**** Data extracts ****

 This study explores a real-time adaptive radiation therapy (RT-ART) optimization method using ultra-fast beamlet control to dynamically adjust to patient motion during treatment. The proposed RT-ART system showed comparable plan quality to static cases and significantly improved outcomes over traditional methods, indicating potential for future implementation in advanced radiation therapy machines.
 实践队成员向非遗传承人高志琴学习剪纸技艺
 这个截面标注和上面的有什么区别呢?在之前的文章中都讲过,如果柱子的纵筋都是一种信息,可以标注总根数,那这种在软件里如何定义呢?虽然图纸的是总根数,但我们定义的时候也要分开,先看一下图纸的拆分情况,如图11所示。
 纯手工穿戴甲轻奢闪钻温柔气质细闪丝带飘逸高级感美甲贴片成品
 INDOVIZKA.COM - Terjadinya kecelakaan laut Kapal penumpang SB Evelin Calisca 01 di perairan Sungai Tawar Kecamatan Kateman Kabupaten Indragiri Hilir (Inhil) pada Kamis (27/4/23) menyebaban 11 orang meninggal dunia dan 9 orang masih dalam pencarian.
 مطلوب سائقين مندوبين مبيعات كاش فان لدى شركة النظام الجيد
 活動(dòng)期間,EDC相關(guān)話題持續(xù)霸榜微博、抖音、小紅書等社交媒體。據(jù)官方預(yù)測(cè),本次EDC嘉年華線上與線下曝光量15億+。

****
**** Data extracts ****

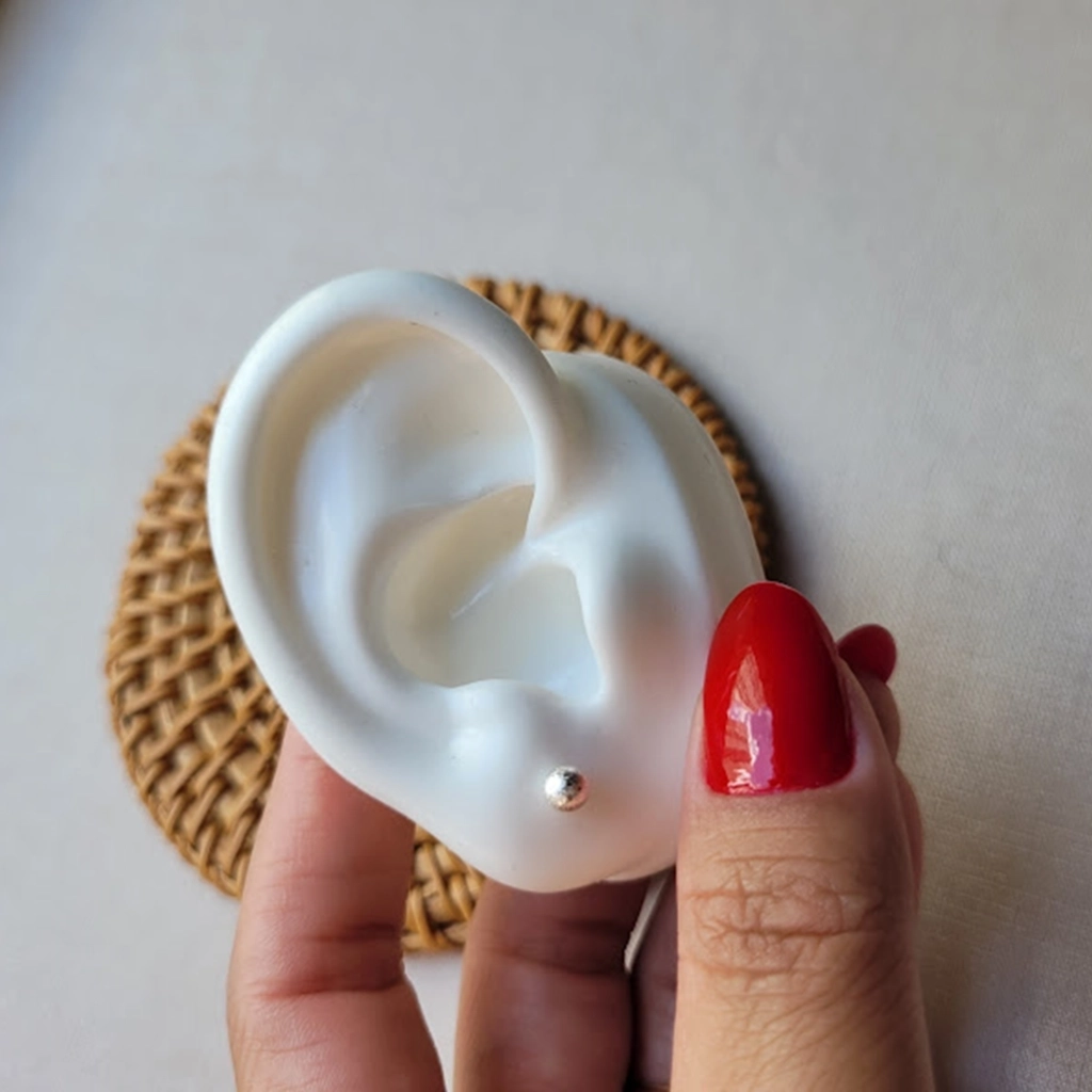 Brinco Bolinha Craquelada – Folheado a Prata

****

**Task directions**
Could you set down, word for word, only the lines above from the line with "实践队成员向非遗传承人高志琴学习剪纸技艺" to the line with "纯手工穿戴甲轻奢闪钻温柔气质细闪丝带飘逸高级感美甲贴片成品", including both?

**The answer**
 实践队成员向非遗传承人高志琴学习剪纸技艺
 这个截面标注和上面的有什么区别呢?在之前的文章中都讲过,如果柱子的纵筋都是一种信息,可以标注总根数,那这种在软件里如何定义呢?虽然图纸的是总根数,但我们定义的时候也要分开,先看一下图纸的拆分情况,如图11所示。
 纯手工穿戴甲轻奢闪钻温柔气质细闪丝带飘逸高级感美甲贴片成品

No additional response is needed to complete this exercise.